The Donnybrook in the Democratic Party of Japan
Almost exactly a year after the Democratic Party of Japan took office following its historic blowout general election victory, Japanese voters, a few of them anyway, go to the polls on September 14 to decide who will be Japan's next prime minister – and the future direction of the party as well.
The venue will be the election to the presidency of the party by DPJ members of the Diet, Japan's parliament, as well as DPJ prefectural legislators and those of the public who are card-carrying members of the party. The person elected president automatically will assume the post of prime minister.
Prime Minister Naoto Kan won the presidency against one no-hoper last June in a special party election held in the wake of former Prime Minister Yukio Hatoyama's resignation. Now he is being challenged by Ichiro Ozawa, the party's backroom powerhouse and a man who would have been prime minister save for a political funding scandal (he is still under investigation).
The country is presented with a battle of titans, perhaps the most watched and interesting intra-party election ever held in Japan. The outcome of the voting could give the dispirited government party a fresh start or possibly set in motion the party's unraveling and another round of realignment and revolving door premiers.
Some view the race as a simple power grab by a kingmaker who may never have another chance to become king, party and public be damned. Perhaps so, but it is also true that the two contenders have pretty clearly defined opinions on the future direction of the DPJ government, whose term of office is still has three years to run.
Ozawa argues that the party went astray by abandoning or modifying most of its campaign promises, incorporated in the election manifesto (platform) of last year such as full funding for child care. That's why it lost the election to the House of Councillors last July, he argues. He promises to put the emphasis on the manifesto's proposals, while delaying any debate on increasing taxes to pay for them.
Kan, for his part, has made it clear that he intends to revise many of the party's proposals involving social spending that are difficult to fulfill given the national financial realities. He wants to initiate a debate on raising the consumption (sales) tax, now set at 5 percent, to 10 percent.
Ozawa has a point.
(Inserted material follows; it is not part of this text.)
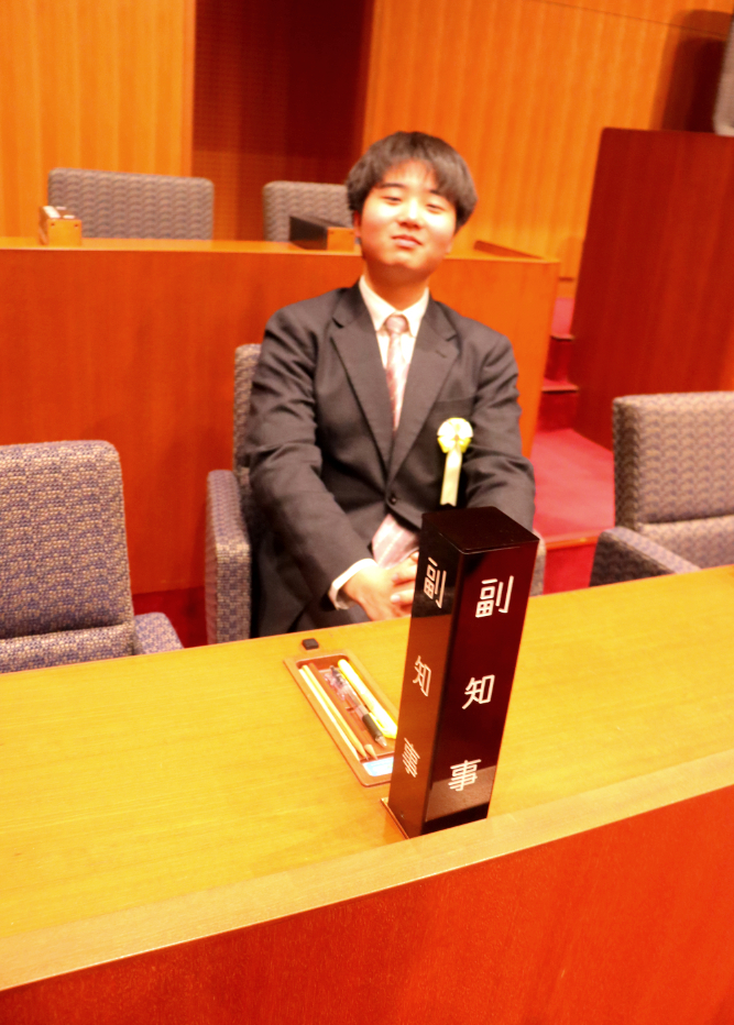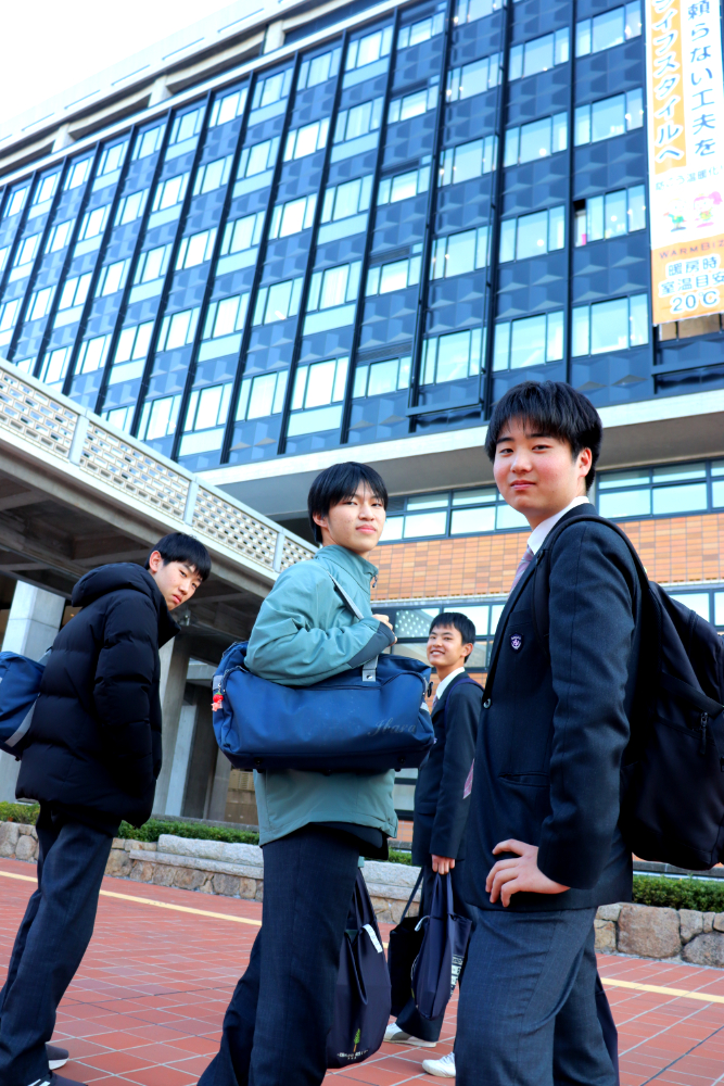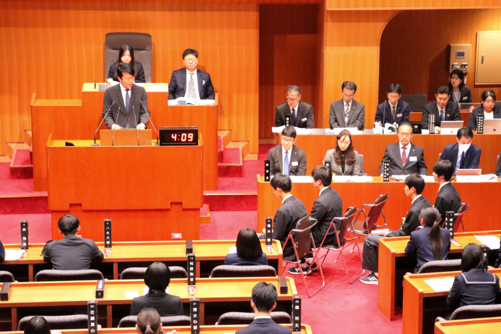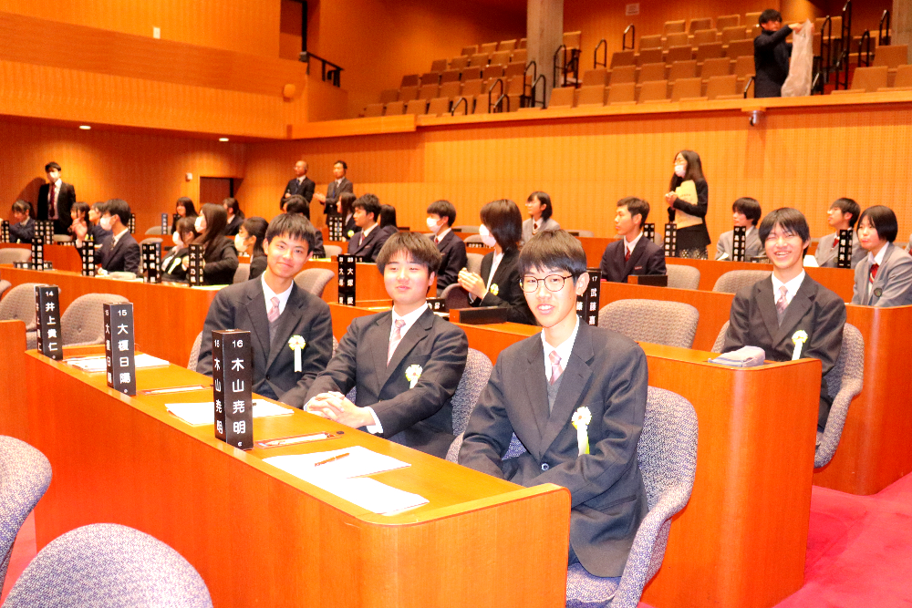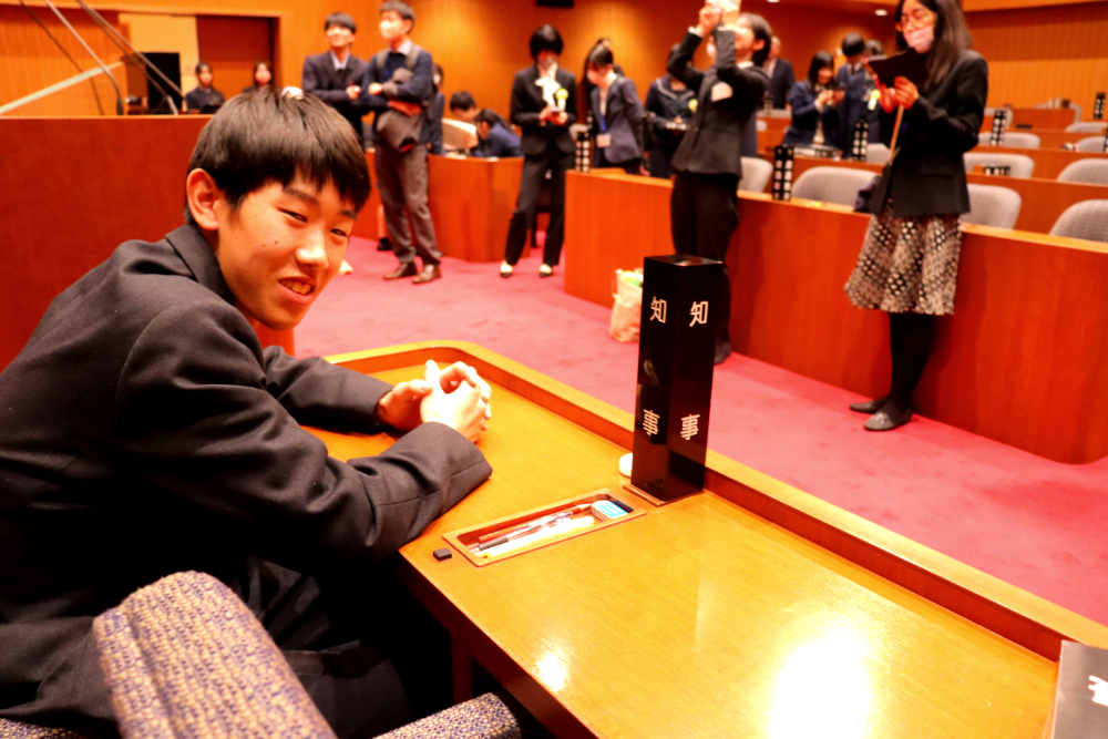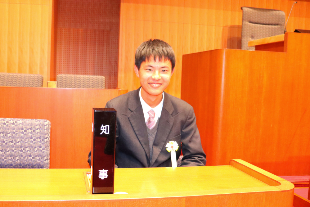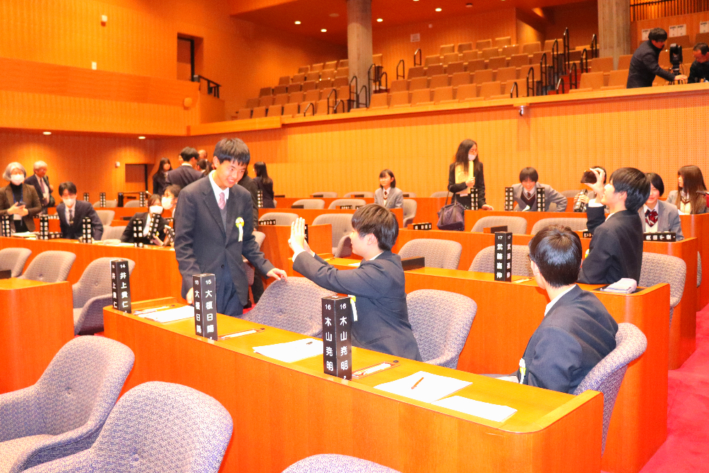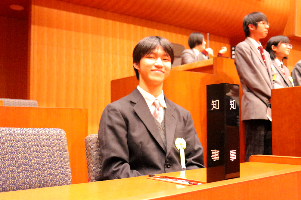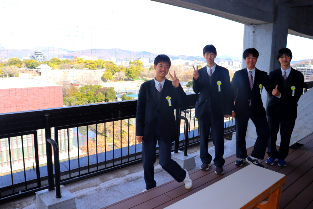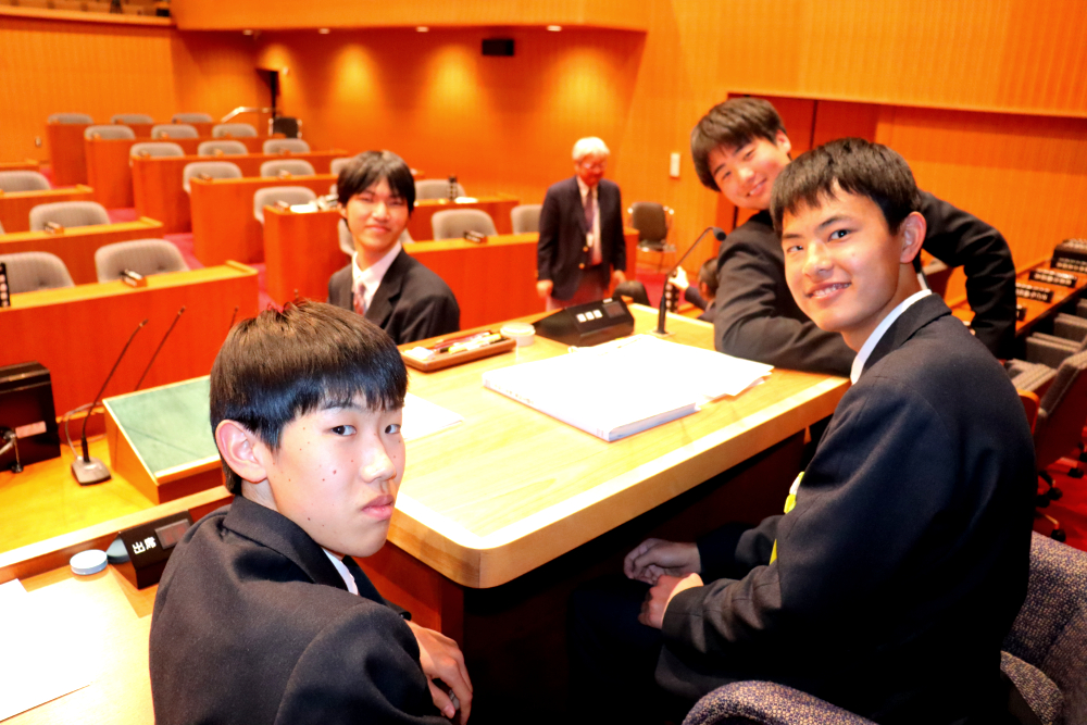 県政を実感! 岡山県高校生議会に参加しました。2年生, 活動報告 / 2025年12月23日 12月15日(月)、2年生から選出された4名の生徒が、県庁で行われた岡山県高校生議会に参加しました。 この行事は、「次代を担う高校生に、県政や県議会への理解と関心を高めてもらうとともに、様々な意見を今後の県議会での議論の参考とするため」、岡山県議会、岡山県、岡山県教育委員会、岡山県選挙管理委員会が主催となって行われました。 午前中の審議では、2年B組の井上貴仁君が、議長の大任を務めました。 中央奥が議長席です。 井上議長の進行で、創志学園高等学校の議員が農政について質問しています。 午前中の審議の後は、昼食休憩です。 地下一階にある「おかやま晴れの国食堂」でランチを済ませた4人が、9階大会議室のベランダで寛いでいます。 岡山城の黒い天守がちょうど目の高さに見えています。 当日は県下から18校、70名の生徒が集まりました。 井原高校の質問は、13番目(午後の5番目)です。 議員席の大きな椅子に腰掛けて、午後の審議が始まるのを待ち構えています。 「井原高等学校 井上貴仁議員、大榎日向議員、木山堯明議員、武藤嘉伸議員に発言を許します。」 【井原高校代表議員の質問(骨子)】 最近の県知事選挙の結果を踏まえると、若者の投票率は依然として低い状況にあります。その要因は様々ですが、投票によるメリットが不十分であることも一因ではないでしょうか。若者の投票率を上げ、政治参加を促すためにも、投票済証明書などをクーポン代わりに登録店舗で特典が受けられる「センキョ割」を積極的に宣伝したり、これを発展させ、県や市町村の公共施設を割引するようにしてはどうでしょうか。また、投票率向上に向けて、今後、どのような取組を行うのか、併せて総務委員長にお伺いします。 「若者の政治参加を促進することは大切なことです。しかし、県(=行政)が直接『センキョ割』を実施することは、公職選挙法に抵触する可能性があります。ですから、県といたしましては、民間で行われている『センキョ割』の活動を知っていただくなど、若い世代の皆さんがもっと選挙に参加してくださるよう努めてまいります。」 ・・・岡山県議会総務委員会委員長の河野慶治議員より答弁をいただきました。 議長に向かい、深く一礼して、席に戻ります。 5分間という短い時間でしたが、4人は議員としての使命を堂々と果たすことができました。 すべての審議が終わり、写真撮影タイムが始まりました。 憧れの知事席、県庁トップの副知事席、議長席の座り心地を代わる代わる存分に堪能しました。 ともすれば、遠い世界の出来事のように思われる県政をリアルに感じ取ることのできた一日でした。 岡山県高校生議会は県内のケーブルテレビで放送予定です。(12月11日現在の情報) 井原放送(1月中、時刻未定) 笠岡放送(1月24日、9:00〜 18:00〜) 倉敷ケーブルテレビ(1月17日、18日、24日、25日 各日8:00〜)

After getting off to a pretty good start, the new government soon went astray by concentrating on extraneous issues. The key issue for former premier Hatoyama was a promise, one that he failed to keep, to reopen and revise the agreement with Washington to realign American forces on Okinawa.
This was the political equivalent of an own goal. Japan and the US had studied the issue for 15 years before an agreement was reached. With good reason, Washington considered it a done deal. It was mentioned only in passing during the election. Why Hatoyama reopened this issue, raised hopes on the southern island only to have them dashed, is inexplicable.
After he resigned and turned the reins of government over to Kan, the new prime minister hastily brought up the notion of raising the consumption tax from 5 to possibly 10 percent, another issue that was never debated in the 2009 election. Why anyone would propose such a thing with a national election just weeks away was almost equally unexplainable in pure political terms.
It's not to say these are not important issues. With more than half of the national budget covered by borrowing, the issue of fiscal responsibility is pressing. For his part, Hatoyama might be praised for trying to find a better solution to the bases question to assuage Okinawan concerns. But in politics one doesn't get many points for trying, and both issues were handled very clumsily.
If it is a mystery why Hatoyama let himself to be side tracked by the Futenma Marine air base issue, it is equally mystifying why Kan was seduced so easily by the clarion call of fiscal responsibility. After all, there is not much in this politician's long background, starting as a social activist, that points to this new-born concern about fiscal conservatism.
It should be remembered, though, that Kan moved directly to the top job after serving as Minister of Finance, and it is probable that he came under strong influence of the finance ministry mandarins and their concerns. It was also a time when the meltdown of the Greek economy was fresh in people's minds..
Kan came to his new role with direct and immediate experience in running an important government department. Despite his long career in politics, Ozawa actually has very little administrative experience outside of internal party administration. He hasn't held a cabinet post for 25 years, when he was Minister of Home Affairs under Yasuhiro Nakasone. You could say Ozawa knows everything about electioneering but little about governing
Ozawa is a brilliant political technician, a maker and breaker of political parties. More than any one individual, he was responsible for the DPJ's historic win and he still commands loyalty among many of the freshmen Diet members whom he personally recruited. That's why he and Kan are basically running neck-and-neck in the party poll, at least among Diet members.
To the public at large, however, opinion is much less closely divided. Various opinion polls suggest that 70-80 percent of the public oppose Ozawa's challenge and his becoming the third prime minister of Japan inside one year. He is still seen mainly as a politician of the old school, a man who learned his politics at the knee of Mr Money Politics himself, Kakuei Tanaka.
Whoever wins the election may not feel it is such a great prize. He will face serious realities: a sputtering economy, a currency that is climbing through the roof, a divided Diet as a result of last July's election to the upper house of Japan's bicameral parliament. The winner is going to need all of the healing and uniting powers he can muster.